Task directions: Beginning with the line that contains "根据《2023年新丰县公开招" and ending with the line that contains "2、型號(hào)選擇:各種", reproduce the lines of the entries below exactly, omitting pictures.

Records for processing:
◇ ◇ ◇ ◇ ◇ ◇ ◇
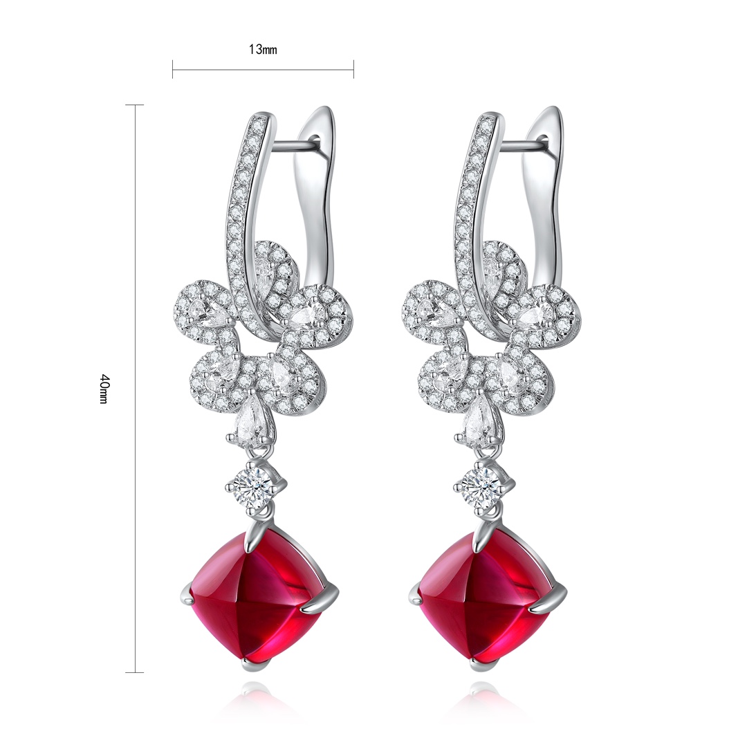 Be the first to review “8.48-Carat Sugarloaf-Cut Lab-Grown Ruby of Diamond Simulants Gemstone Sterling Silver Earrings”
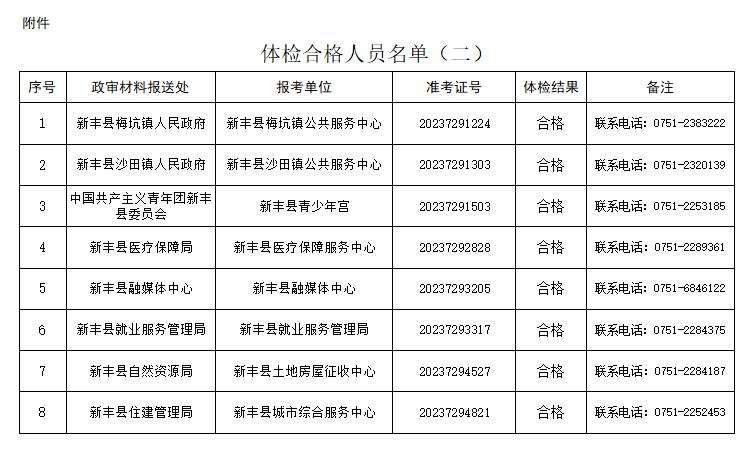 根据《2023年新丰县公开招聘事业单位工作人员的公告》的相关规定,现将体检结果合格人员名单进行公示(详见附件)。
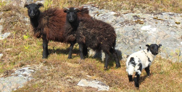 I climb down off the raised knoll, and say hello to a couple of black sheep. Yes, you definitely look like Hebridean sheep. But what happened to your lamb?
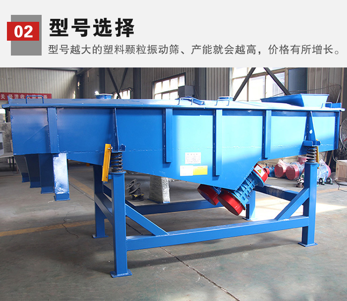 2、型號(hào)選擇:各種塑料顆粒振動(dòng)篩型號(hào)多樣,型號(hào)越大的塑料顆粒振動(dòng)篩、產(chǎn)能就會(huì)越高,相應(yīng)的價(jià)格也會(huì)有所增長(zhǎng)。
◇ ◇ ◇ ◇ ◇ ◇ ◇
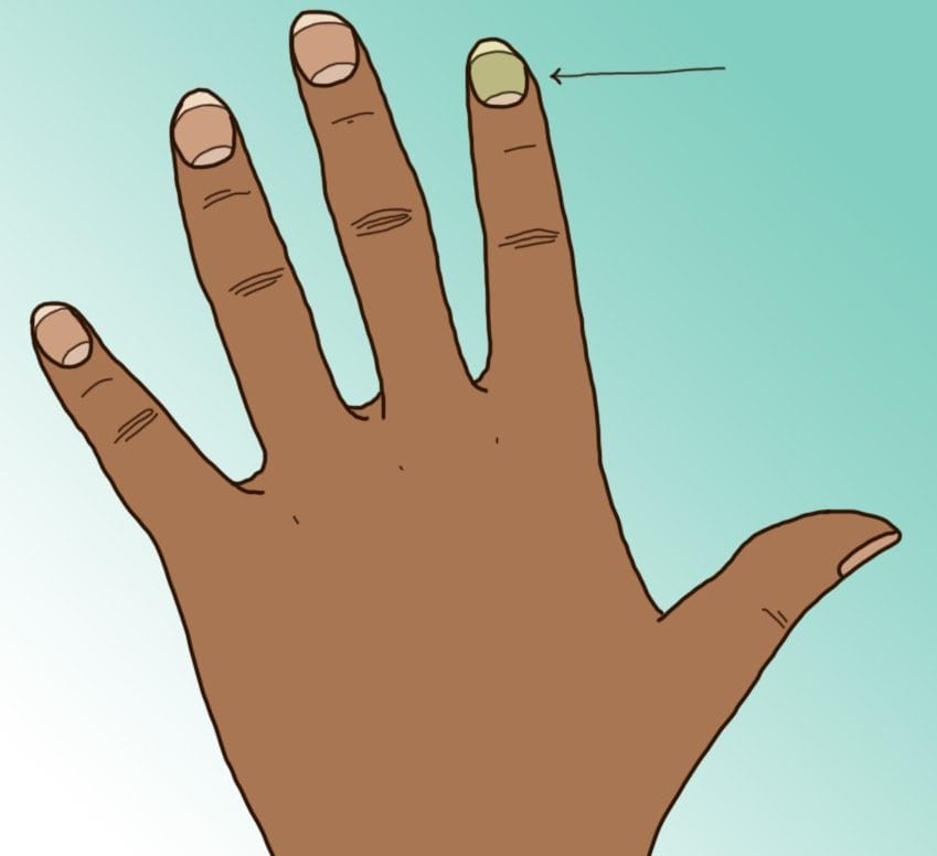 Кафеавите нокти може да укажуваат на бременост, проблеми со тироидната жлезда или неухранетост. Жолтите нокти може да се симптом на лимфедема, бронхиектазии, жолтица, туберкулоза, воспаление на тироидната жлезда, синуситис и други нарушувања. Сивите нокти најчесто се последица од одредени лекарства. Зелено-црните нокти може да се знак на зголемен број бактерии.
◇ ◇ ◇ ◇ ◇ ◇ ◇
Your solution:
 根据《2023年新丰县公开招聘事业单位工作人员的公告》的相关规定,现将体检结果合格人员名单进行公示(详见附件)。
 I climb down off the raised knoll, and say hello to a couple of black sheep. Yes, you definitely look like Hebridean sheep. But what happened to your lamb?
 2、型號(hào)選擇:各種塑料顆粒振動(dòng)篩型號(hào)多樣,型號(hào)越大的塑料顆粒振動(dòng)篩、產(chǎn)能就會(huì)越高,相應(yīng)的價(jià)格也會(huì)有所增長(zhǎng)。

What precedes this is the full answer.